Let’s take a step back. Since 1945, the United States has advanced the cause of free trade around the world. We’ve done this partly because it’s in our economic interest to sell and buy more. But we also did it to help make the world safer for democracy, and safer from the Soviets.
We believed the rise of protectionism in the 1930s had made the Great Depression worse, and that the Depression had led to the rise of the Nazis and the Second World War. Trade, we decided, doesn’t guarantee peace, but the absence of trade can help bring war. Prosperity was our best defense against communism.
At its core, our trade diplomacy was optimistic: We believed that a free economy was good for the free world, and that the United States and our democratic allies would be more powerful and more secure if we were more free. And to their credit, it was mostly liberals who were responsible for making that case.
Certainly, Republicans played their part. But it was Democratic presidents like Harry Truman and John F. Kennedy who led the way. Promoting free trade was a great, positive act of American grand strategy.
Unfortunately, President Obama chooses to preach pessimism. For the first time, a U.S. president is making the case for trade agreements by arguing that we’re in decline. Speaking at Nike in April, for example, he argued that we need new trade agreements now, “while our economy is in the position of global strength.”
If we waited, he warned, China would write the rules of trade “in a way that gives Chinese workers and Chinese businesses the upper hand.”
Obama’s not the only one who talks this way. The Europeans say the same thing. This month, Cecilia Malmström, the European Union’s trade commissioner, said that we need a trade deal now, because in the future the United States and the European Union will “account for far less purchasing power.”
There’s just enough sense in this idea to make it dangerous. It’s true that, as the rest of the world grows, the U.S. and European share of the pie will likely shrink. But if the president is right that China will someday be so powerful that it can write the global rules of trade on its own, a new U.S. trade agreement is a pitiful response. The idea that our rules will keep on working if China is in charge is naive.
But the chances are that Obama is wrong.

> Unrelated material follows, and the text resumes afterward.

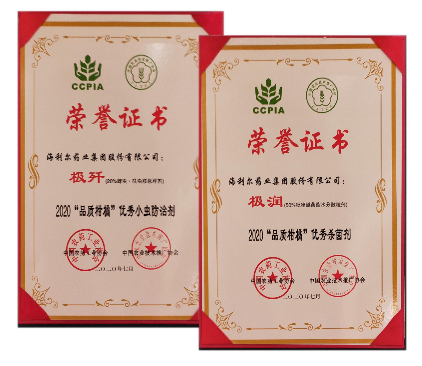由中国农药工业协会联合中国农业技术推广协会共同开展的2020“品质柑橘”优质农资及服务系列评选获奖名单在全国农业技术推广服务中心、中国农药工业协会主办的“第二十七届系列作物解决方案会议之柑橘论坛”上颁布。华体网页版登录入口极润®、极歼®荣获中国农药工业协会颁发的2020 “品质柑橘”优秀杀菌剂奖和2020 “品质柑橘”优秀小虫防治剂奖!

China’s economic growth is slowing, and even the United States at the peak of its relative strength—after 1945—didn’t have the power to write the rules of trade on its own.
And, worst of all, one reason we’re likely to have a smaller share of the pie going forward is that we’ve burdened our economy with lots of expensive rules. New trade agreements that focus on imposing even more rules aren’t the answer: They’re the problem. They’re also not free trade.
American trade diplomacy since 1945 has been based on believing the future can be better than the past, and that the best thing the government can do for trade is to get out of the way. The answer on trade now isn’t more rules to cushion our decline. It’s more freedom to boost our growth.